The more general form, aggregation, is depicted as an unfilled diamond and a solid line. The image below shows both composition and aggregation. The code below shows what the source code is likely to look like.

// Composition class Car {

   Carburetor* itsCarb;
Car() {itsCarb=new Carburetor();} virtual ~Car() {delete itsCarb;} };

// Aggregation class Pond {

   vector itsDucks;

Composite types in C

This is an example of composition in C. typedef struct {
   int age;
   char *name;
enum { male, female } sex; } Person;

In this example, the primitive types int, char *, and enum {male, female} are combined to form the composite type of Person. Each object of type Person then "has an" age, name, and sex.
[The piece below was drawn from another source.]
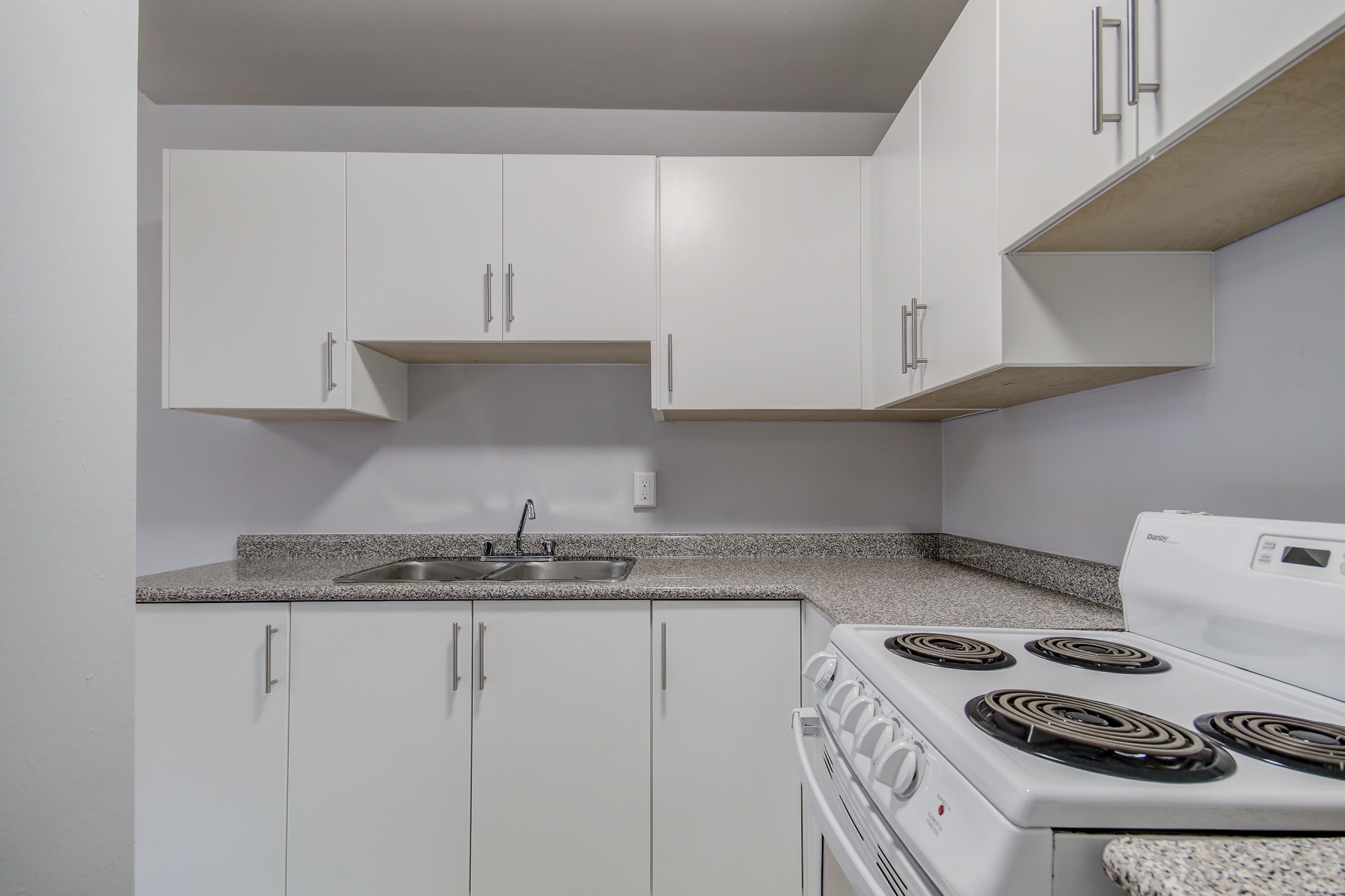 - Large renovated kitchens with ample cabinet space, includes a stove and fridge

If a Person type were instead created by subtyping, it might be a subtype of Organism, and it could inherit some attributes from Organism (every organism has an age), while extending the definition of Organism with new attributes (not every organism has a gender, but every person does).

Recursive composition

Objects can be composited recursively with the use of recursive types or references. Consider a tree. Each node in a tree may be a branch or leaf; in other words, each node is a tree at the same time when it belongs to another tree.

One implementation for the recursive composition is to let each object have references to others of the same type. In C, for example, a binary tree can be defined like:

struct bintree {

   struct bintree *left, *right;
   // some data

If pointers left and right are valid, the node is thought to be a branch referring to each tree to which left and right point. If not, the node is a leaf. In this way, the recursion can be terminated.

Another is to use a tagged union. See tagged union for an example.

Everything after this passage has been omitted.